"E.S.P." is the sixth episode aired of the first series of UFO - a 1970 British television science fiction series about an alien invasion of Earth. Alan Fennell wrote the screenplay and it was directed by Ken Turner. The episode was filmed between 23 October and 4 November 1969 and aired on the ATV Midlands network on 21 October 1970. Though shown as the sixth episode, it was actually the fifteenth to have been filmed.

The series was created by Gerry Anderson and Sylvia Anderson with Reg Hill, and produced by the Andersons and Lew Grade's Century 21 Productions for Grade's ITC Entertainment company.

Story
Returning home after seeing his psychiatrist, John Croxley, a man with very powerful ESP, is stopped by SHADO personnel due to an incoming UFO. The UFO crashes into Croxley's house killing his wife and injuring Col. Foster who was monitoring the UFO from a SHADO mobile.

Foster is taken to hospital and SHADO sends a team to investigate the crash site.
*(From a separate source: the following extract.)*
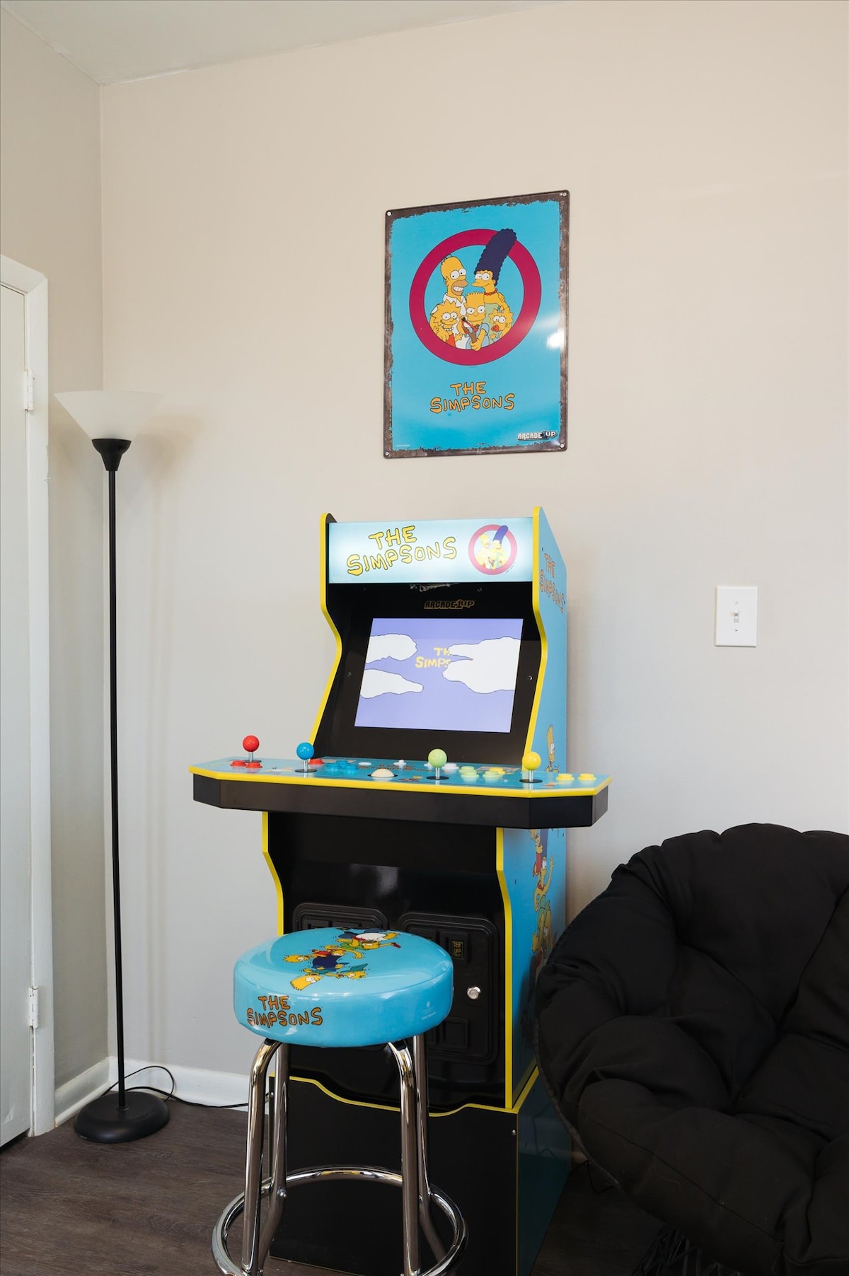 Cute 700 sqft 2BR 1BA located 10-15 min drive from Downtown Chicago! Tub/Shower + smart speaker Games for adults & kids, 3 Smart TVs, free wifi| , office desk Classic Simpsons Arcade Sleeps 4-6 comfortably, 1 queen bed, 1 full bed, 1 sleeper sofa, 1 air mattress Free street parking Walking distance from public transportation 3 miles from Little Italy, Chinatown, and Downtown 15 min drive from Millenium Park and Soldier Field Minutes from Sox Park Great for families, professionals, and travelers

Croxley, now under alien influence, is able to read the minds of the SHADO team and learns all about SHADO's operations. Croxley believes that Straker and Freeman caused his wife's death and sets out to kill them.

Foster believes that someone or something is watching him – a response to his mind being read by Croxley. Croxley sends Straker what looks like a film script but is instead a full, detailed description of SHADO's organisation and its operations, including places and times. After visiting Croxley's psychiatrist, Straker and Freeman learn of Croxley's ESP ability and are told to meet Croxley at his ruined house where Croxley, still under alien influence, intends to kill them both.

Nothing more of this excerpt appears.